A government official, cited by Reuters, emphasized the primary focus on addressing local sugar requirements and utilizing surplus sugarcane for ethanol production. The official stated, "Our primary focus is to fulfil local sugar requirements and produce ethanol from surplus sugarcane. For the upcoming season, we will not have enough sugar to allocate for export quotas."
The impact of the inadequate monsoon rains in major sugarcane-growing districts, particularly in Maharashtra and Karnataka, is noteworthy. These regions collectively contribute to over half of India's total sugar output. With limited rainfall anticipated to impact both the 2023/24 sugar output and the subsequent planting for 2024/25, the nation's sugar industry faces challenges.

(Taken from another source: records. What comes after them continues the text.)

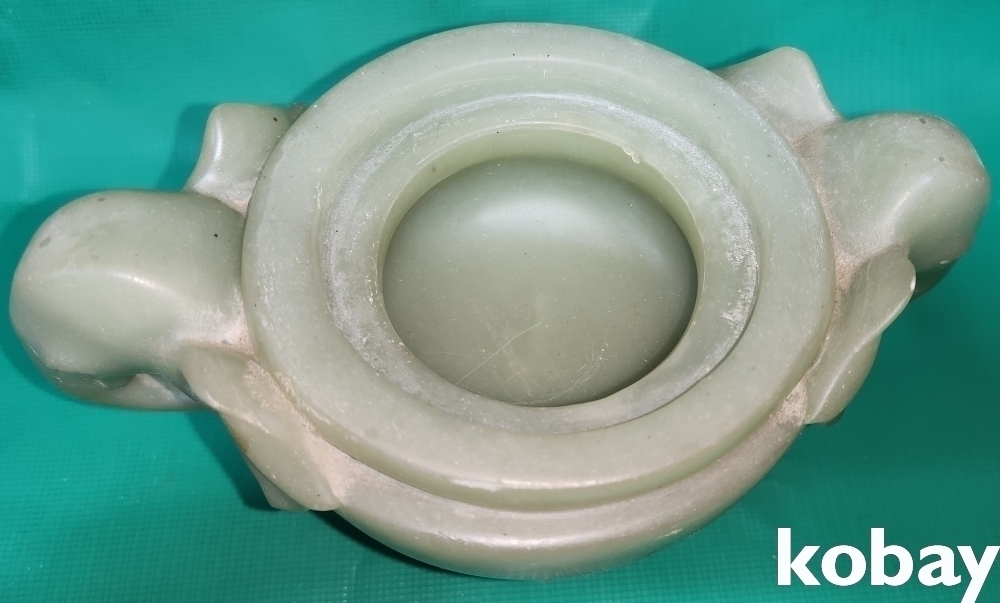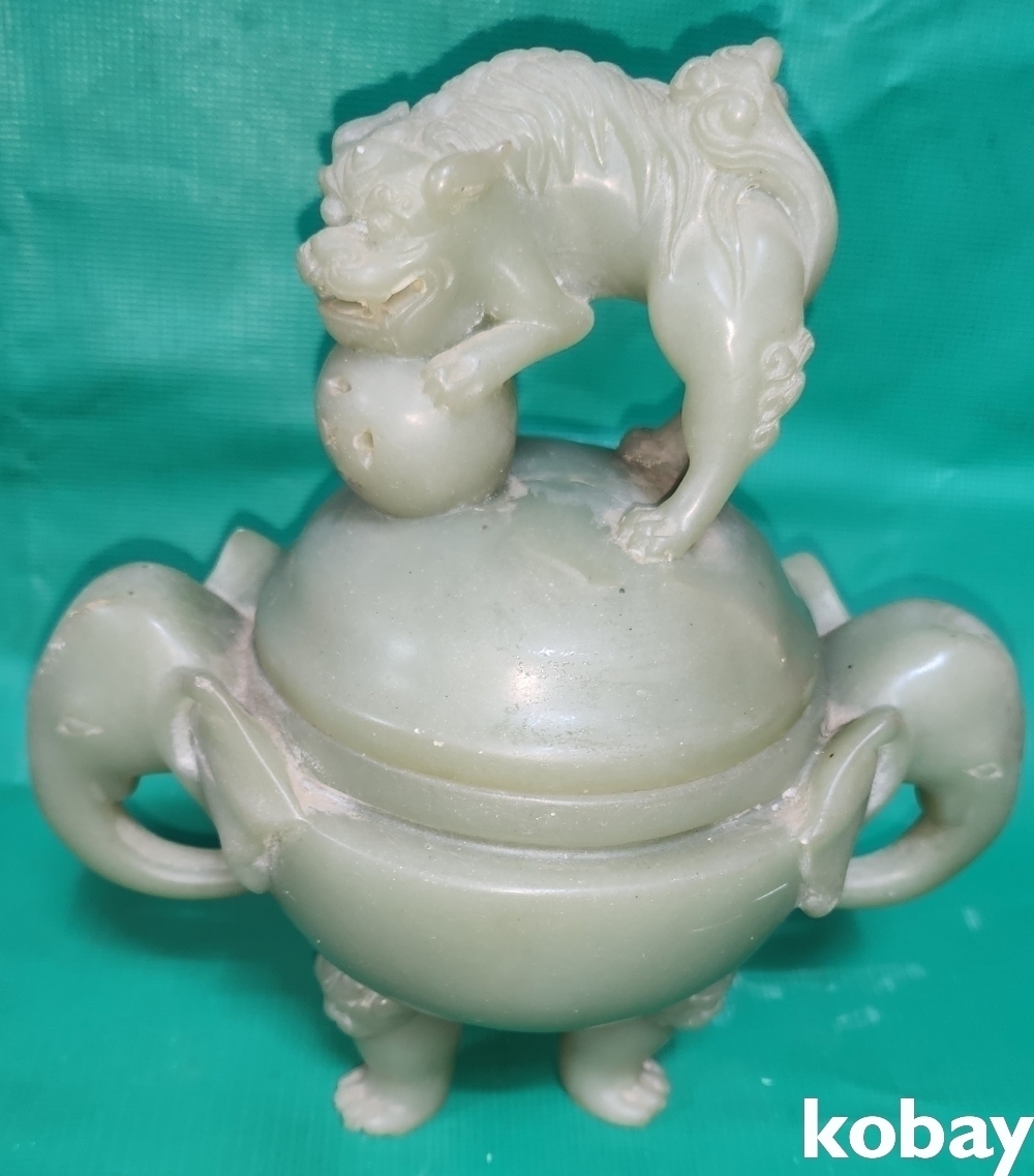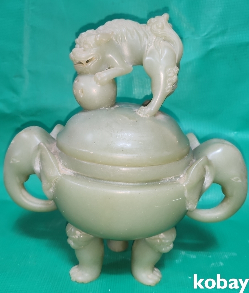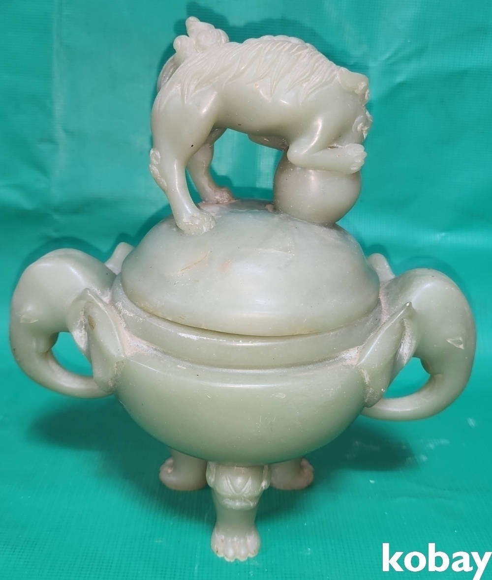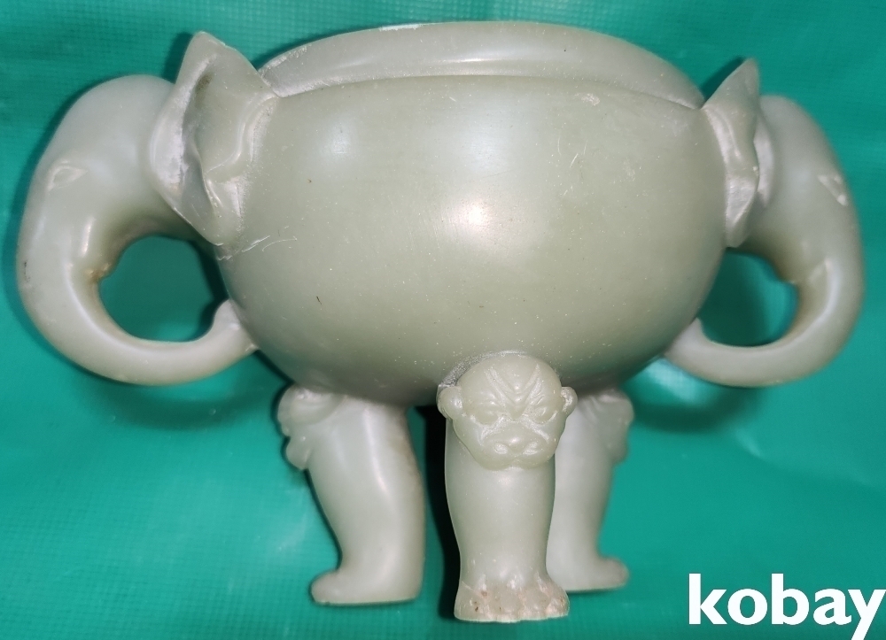 청옥으로 만들어진 코끼리와 사자 문양 삼족 향완(香椀)입니다,
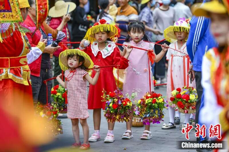 2023年2月28日,第二十二届海口冼夫人文化节(原称军坡节)之“装军巡游”活动在海南海口新坡镇举行。图为在活动中肩挑花篮的小女孩。骆云飞 摄
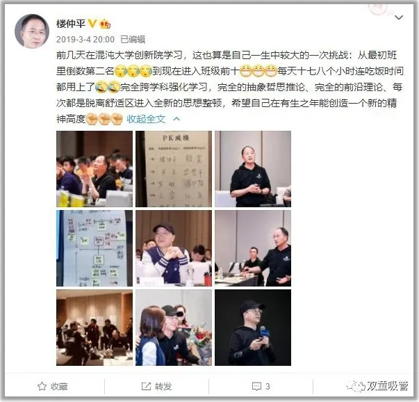 2016年年底,樓仲平在偶然間經(jīng)人介紹,接觸到了混沌大學(xué),聽過幾堂課后,他深刻認(rèn)同混沌的知識(shí)理念,便果斷開通了混沌大學(xué)的線上學(xué)籍。從此,樓仲平開始了更加迅猛和快速的迭代成長。
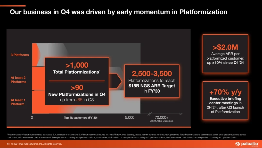 Arora pointed out new customers betting on the Palo Alto Networks platform strategy and noted that it had more than 90 new platformization deals in the fourth quarter, up from 65 in the third quarter. The average ARR for a platformed customer is more than $2 million.
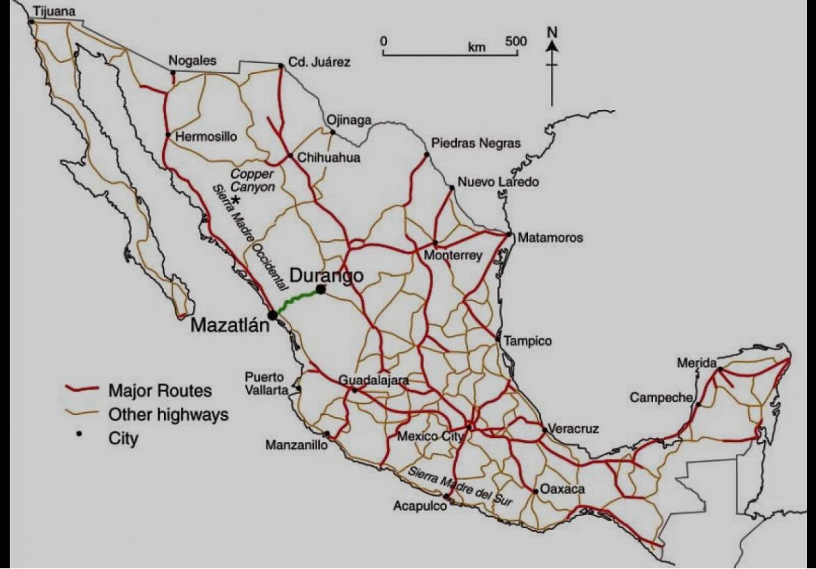 Mexico has an incredible series of Cuotas, or toll highways. Cuota’s are designated on maps with a “D” after the highway number. In my experience, the cuotas are well maintained, have generous shoulders, are dotted with rest stops featuring a gas station, an OXXO (Mexican 7-11), and often a very good restaurant. While the cuotas can get expensive if traveling long distances, I found it was the safest way to traverse the country. That said, in addition to the toll booth, they often have security check points with machine-gun armed federales. More often than not, a chat with a federale began with “donde vas? (Where are you going?), “donde vienes?” (where have you come from) and would devolve into, “are you married? Do you have kids? Why not?” At first I was completely intimidated and often forgot the answer to hello, but after a while I realized they were just curious about a single gringa traveling with naught but her faithful companion.
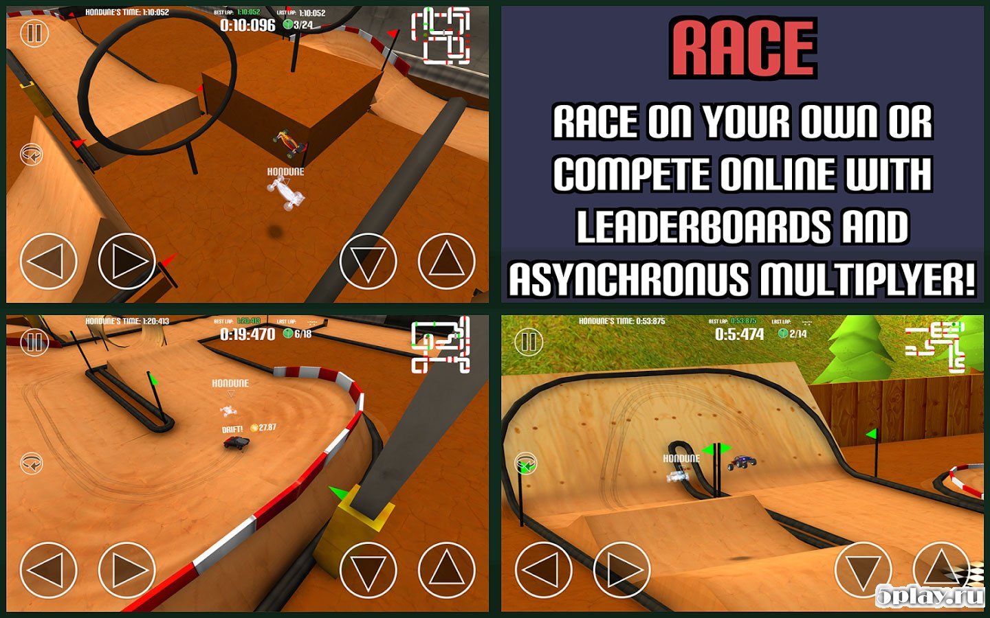 ReCharge RC - захватывающие гоночки на радиоуправляемых машинках. Здесь отсутствует режим одиночной игры, но имеется асинхронный мультиплеер. Игрок должен выбрать понравившийся трек и установить на нем рекорд. После этого результат загрузится в сеть, где другие пользователи смогут сравнить его со своим и попытаться побить. Проект имеет удобное управление, выбор из четырех авто и систему тюнинга. Характеристики у машин одинаковые и прокачать их нельзя. Зато любой гонщик сможет создать собственную карту с помощью редактора.
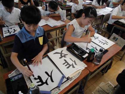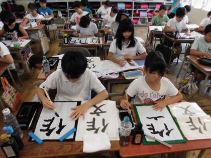 書写の時間では、「作文」という字を練習しています。お手本の字を真剣に見ながら練習に取り組んでいます。上手な字が書けるようになるといいですね。
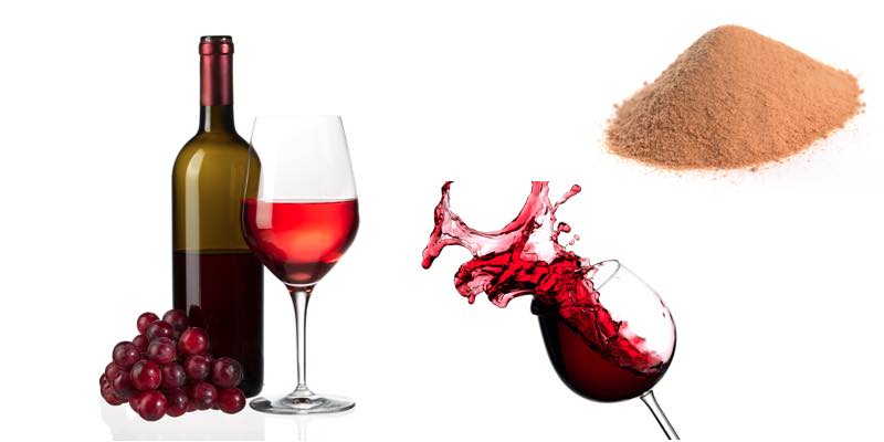 El vino, vino tinto en particular, junto con otras bebidas, alimentos y frutas, contiene taninos.
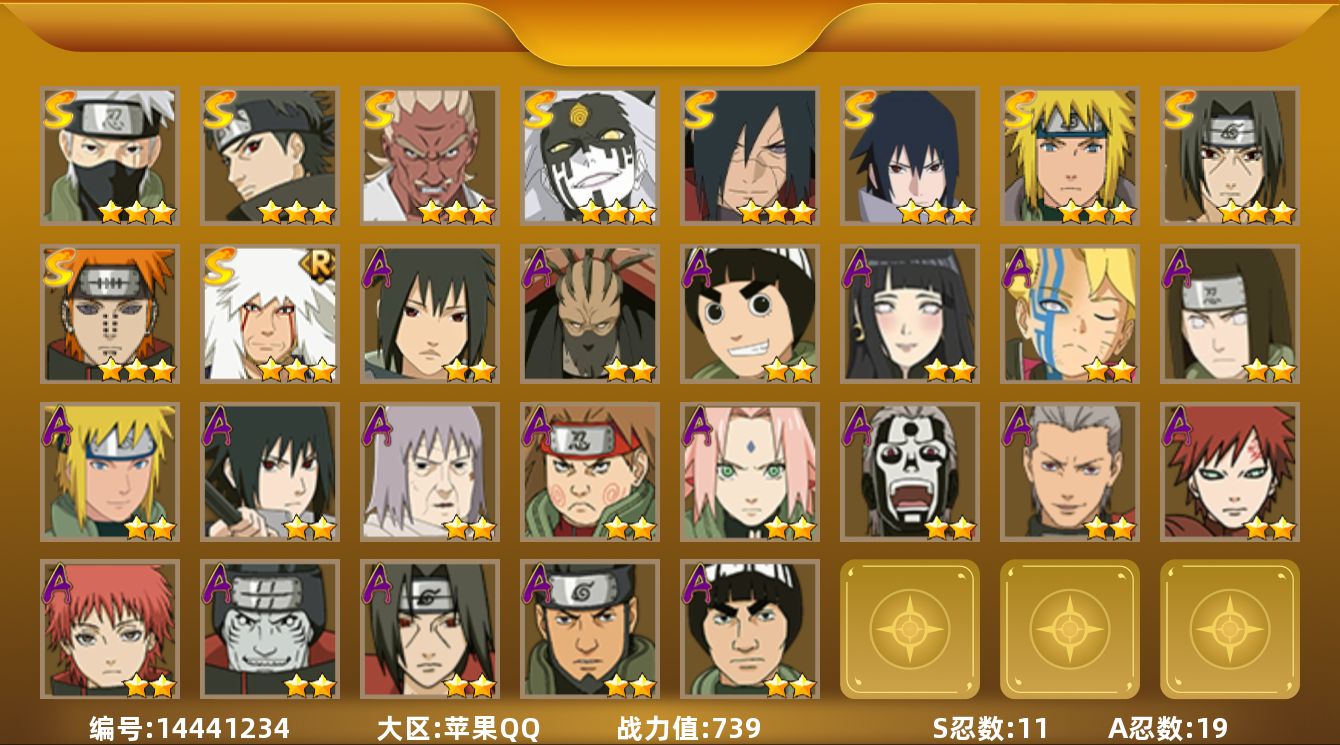 [14441234]v8 739万战力 11s忍-19a忍 tt1253 【s级忍者】:宇智波斑「秽土转生·解」3星,艾「忍界大战」3星,宇智波鼬「须佐能乎」3星,宇智波止水「须佐能乎」3星,旗木卡卡西「须佐能乎」3星,自来也「舞之豪杰」3星,自来也「传说中的三忍」3星,波风水门3星,佩恩「天道」3星,宇智波佐助「永恒万花筒」3星,大筒木桃式3星 【a级忍者】:波风水门「青年」2星,飞段2星,飞段「死司凭血」3星,干柿鬼鲛5星,漩涡博人「桃式显现」2星,迈特凯5星,我爱罗「疾风传」3星,蝎3星,蝎「绯流琥」2星,猿飞阿斯玛5星,宇智波鼬2星,宇智波佐助「须佐能乎」2星,日向宁次「忍界大战」2星,日向雏田「最终章」2星,李洛克「忍界大战」2星,春野樱「百豪」2星,秋道丁次「忍界大战」2星,千代「近松十人卫」2星,宇智波泉奈2星

As a response to escalating local sugar prices, the government has urged mills to augment sales by an additional 2,00,000 tonnes in August. This comes amid projections by Reuters indicating a potential 3.3% decline in India's sugar production, totaling 31.7 million tonnes, for the 2023/24 season.
In the broader economic context, India is grappling with a retail inflation surge to a 15-month peak of 7.44% in July, with food inflation soaring to 11.5%, the highest in over three years.